The quality of the census data and the department of education data can be assumed to be reasonably high.

EdGap.org do not indicate that they processed the data in any way. The data were assembled by the EdGap.org team, so there is always the possibility for human error. Given the public nature of the data, we would be able to consult the original data sources to check the quality of the data if we had any questions.

School information data

The school information data is from the National Center for Education Statistics. This data set consists of basic identifying information about schools can be assumed to be reasonably high.

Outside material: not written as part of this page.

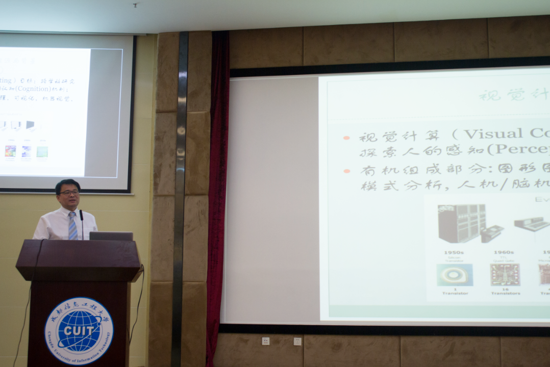 许志杰作题为“History and Emerging Trends in Visual Computing”的报告。他分享了视觉计算的历史、发展趋向和其现实意义。他说,该技术被广泛应用于手机APP中,如抖音、王者荣耀等,运用此技术可有效增加用户体验度。

As for the EdGap.org data, the school information data is public, so we would be able to consult the original data sources to check the quality of the data if we had any questions.

Data ethics

Did the students provide consent for their test scores to be made public as a school average?

Are there sources of bias in the data?

Can we cause harm to students by publicizing the data?

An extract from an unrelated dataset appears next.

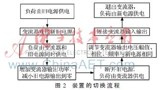 变流器J1是整个切换装置的核心部分,通过利用变流器可灵活调节输出电压的幅值、相位、频率的特点,完成负载在新、旧电源之间的平滑的功率交接。下面首先通过介绍装置的切换流程理解装置的工作原理,然后具体讲解图1的切换过程,如图2所示。
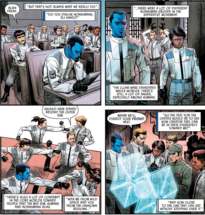 On his fast track to career success Thrawn’s cadet days are filled with rampant bullying and racism by his fellow Imperials-to-be. As we all know, non-humans are not looked upon fondly in the Empire.

We will discuss these issues in class.

Data Preparation

Load necessary packages

#tidyverse contains packages we will use for processing and plotting data
library(tidyverse)
#readxl lets us read Excel files
library(readxl)
#GGally has a nice pairs plotting function
library(GGally)
#skimr provides a nice summary of a data set
library(skimr)
#leaps will be used for model selection
library(leaps)
#kableExtra will be used to make tables in the html document
library(kableExtra)
#latex2exp lets us use LaTex in ggplot
library(latex2exp)

Load the data

Load the EdGap set

Load the data set contained in the file EdGap_data.xlsx and name the data frame edgap.

edgap <- read_excel("EdGap_data.xlsx")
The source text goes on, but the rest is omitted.